§ **THE TASK**:
In the entries below, find the line with "Westinghouse 147P569H01H Automatic" and the line with "本次路演项目领域多元,广泛覆"; copy them and every line between them exactly, but not the pictures.

§ **DATA SUPPLIED**:
——————————
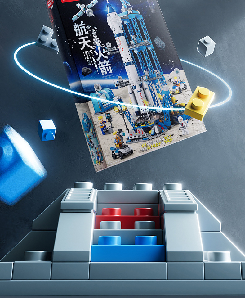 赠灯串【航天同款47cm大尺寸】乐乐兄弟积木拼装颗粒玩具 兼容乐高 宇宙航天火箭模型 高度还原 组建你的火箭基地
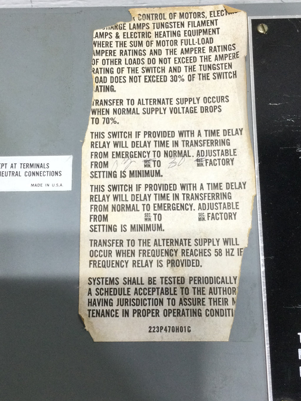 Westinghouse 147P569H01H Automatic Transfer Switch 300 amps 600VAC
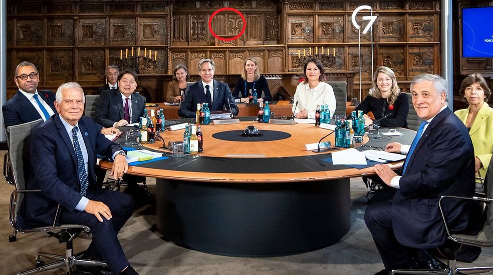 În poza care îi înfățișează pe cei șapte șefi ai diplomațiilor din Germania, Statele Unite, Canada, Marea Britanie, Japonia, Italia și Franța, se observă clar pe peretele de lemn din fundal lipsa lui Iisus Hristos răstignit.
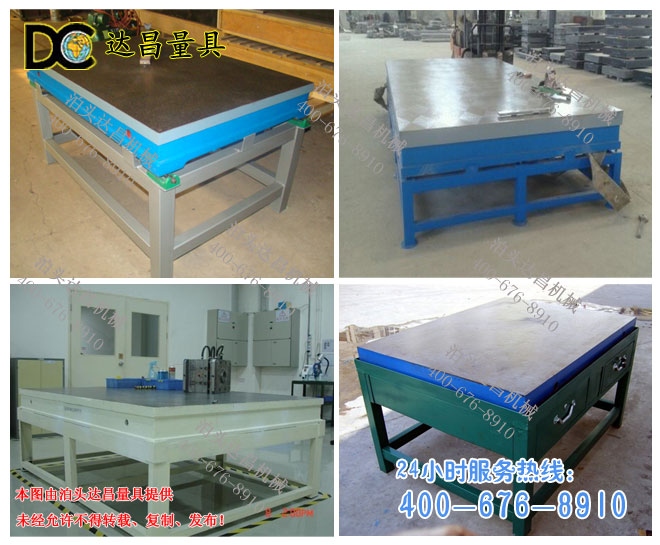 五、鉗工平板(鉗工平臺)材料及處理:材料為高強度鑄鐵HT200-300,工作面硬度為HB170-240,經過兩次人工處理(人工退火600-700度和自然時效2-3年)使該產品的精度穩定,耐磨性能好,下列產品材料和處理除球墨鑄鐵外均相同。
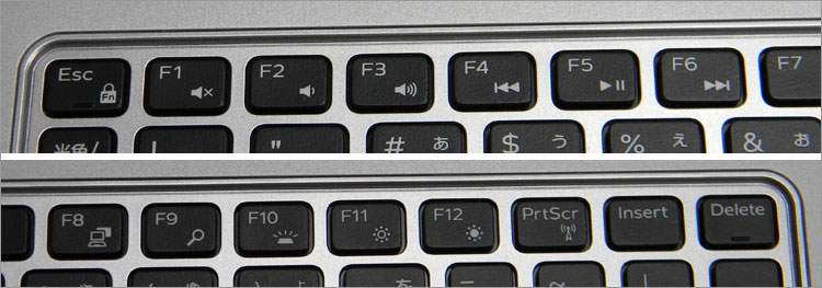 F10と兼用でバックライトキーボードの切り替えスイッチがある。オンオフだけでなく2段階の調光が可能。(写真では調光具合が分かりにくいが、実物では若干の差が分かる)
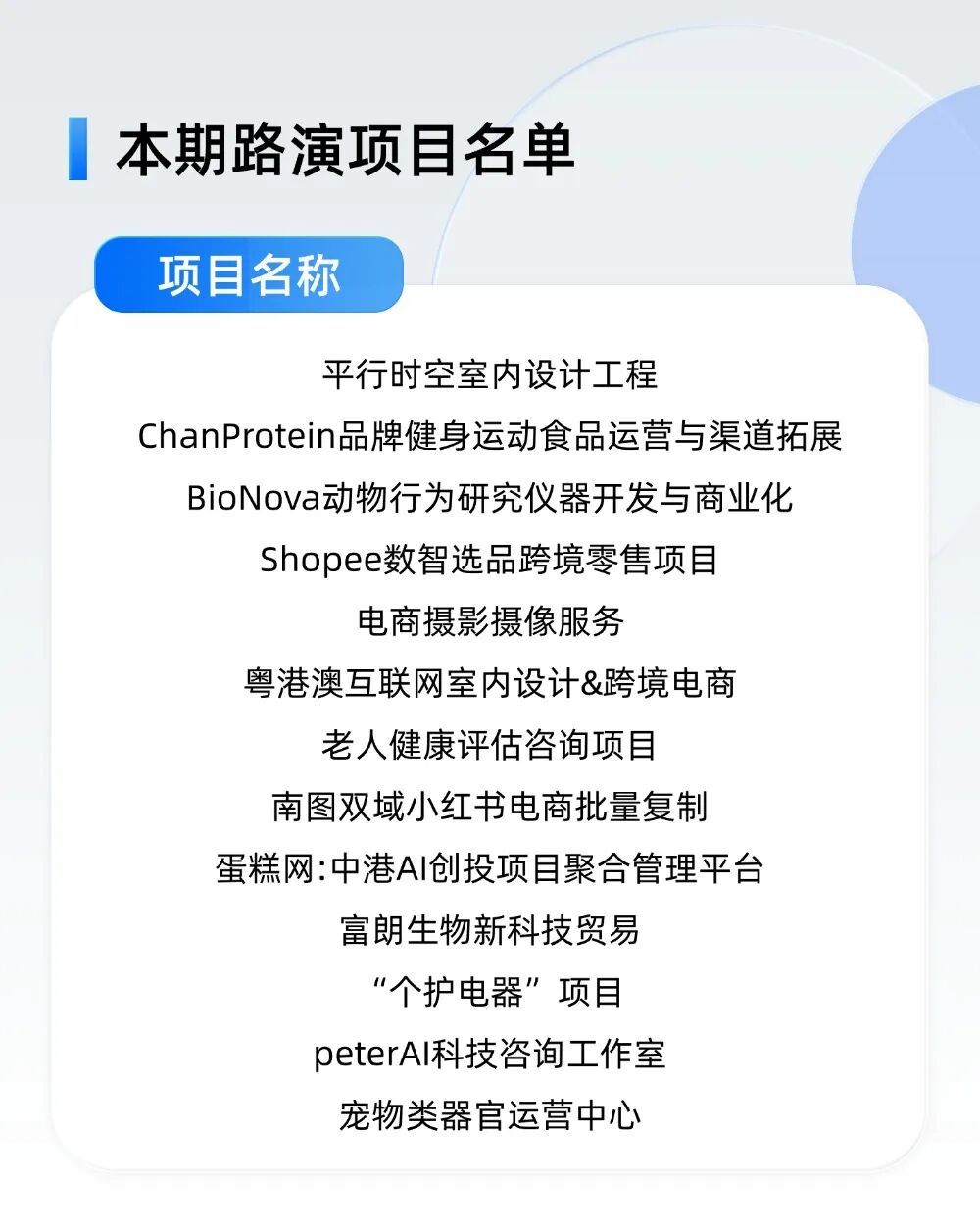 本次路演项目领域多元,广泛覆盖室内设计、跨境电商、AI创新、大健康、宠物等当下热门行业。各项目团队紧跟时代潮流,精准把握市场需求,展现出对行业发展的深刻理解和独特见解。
——————————
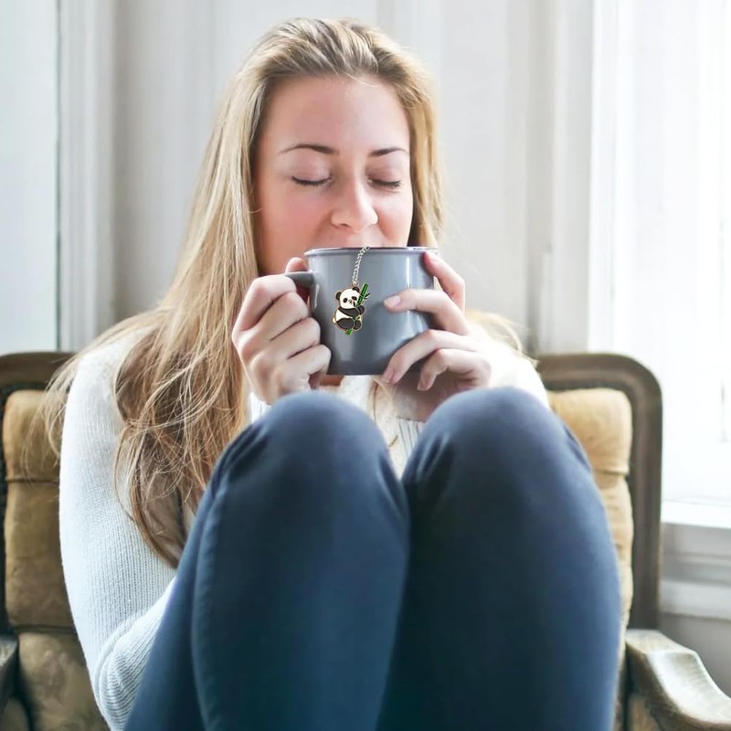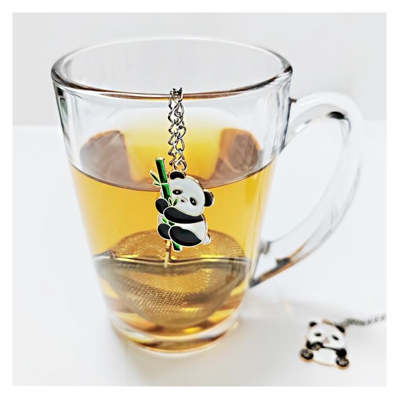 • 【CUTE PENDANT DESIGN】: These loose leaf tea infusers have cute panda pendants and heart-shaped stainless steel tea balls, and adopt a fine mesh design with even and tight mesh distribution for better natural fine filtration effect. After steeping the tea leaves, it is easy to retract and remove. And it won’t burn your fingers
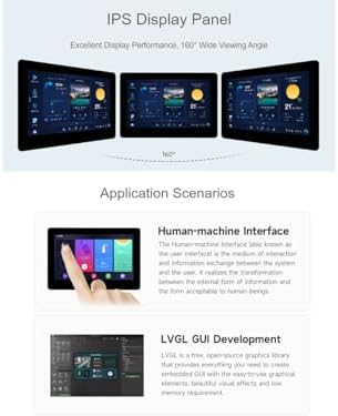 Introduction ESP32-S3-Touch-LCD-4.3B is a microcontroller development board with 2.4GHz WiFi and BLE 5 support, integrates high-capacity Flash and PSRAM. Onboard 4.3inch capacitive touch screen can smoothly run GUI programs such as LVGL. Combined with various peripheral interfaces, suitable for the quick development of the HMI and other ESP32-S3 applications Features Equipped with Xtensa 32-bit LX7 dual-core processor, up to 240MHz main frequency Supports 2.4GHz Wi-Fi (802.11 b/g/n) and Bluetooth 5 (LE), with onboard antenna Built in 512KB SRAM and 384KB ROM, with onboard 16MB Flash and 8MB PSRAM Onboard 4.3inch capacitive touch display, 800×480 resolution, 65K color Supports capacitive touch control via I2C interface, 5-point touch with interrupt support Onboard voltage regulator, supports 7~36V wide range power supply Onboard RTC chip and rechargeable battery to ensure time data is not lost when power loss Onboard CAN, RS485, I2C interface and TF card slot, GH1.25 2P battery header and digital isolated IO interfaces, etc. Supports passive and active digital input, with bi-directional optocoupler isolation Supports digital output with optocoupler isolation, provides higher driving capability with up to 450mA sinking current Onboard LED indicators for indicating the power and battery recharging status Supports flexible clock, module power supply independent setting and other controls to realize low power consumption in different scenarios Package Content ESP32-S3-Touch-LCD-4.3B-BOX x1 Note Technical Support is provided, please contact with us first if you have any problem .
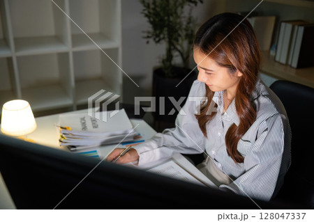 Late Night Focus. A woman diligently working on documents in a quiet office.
——————————
§ **RESPONSE AREA**:
 Westinghouse 147P569H01H Automatic Transfer Switch 300 amps 600VAC
 În poza care îi înfățișează pe cei șapte șefi ai diplomațiilor din Germania, Statele Unite, Canada, Marea Britanie, Japonia, Italia și Franța, se observă clar pe peretele de lemn din fundal lipsa lui Iisus Hristos răstignit.
 五、鉗工平板(鉗工平臺)材料及處理:材料為高強度鑄鐵HT200-300,工作面硬度為HB170-240,經過兩次人工處理(人工退火600-700度和自然時效2-3年)使該產品的精度穩定,耐磨性能好,下列產品材料和處理除球墨鑄鐵外均相同。
 F10と兼用でバックライトキーボードの切り替えスイッチがある。オンオフだけでなく2段階の調光が可能。(写真では調光具合が分かりにくいが、実物では若干の差が分かる)
 本次路演项目领域多元,广泛覆盖室内设计、跨境电商、AI创新、大健康、宠物等当下热门行业。各项目团队紧跟时代潮流,精准把握市场需求,展现出对行业发展的深刻理解和独特见解。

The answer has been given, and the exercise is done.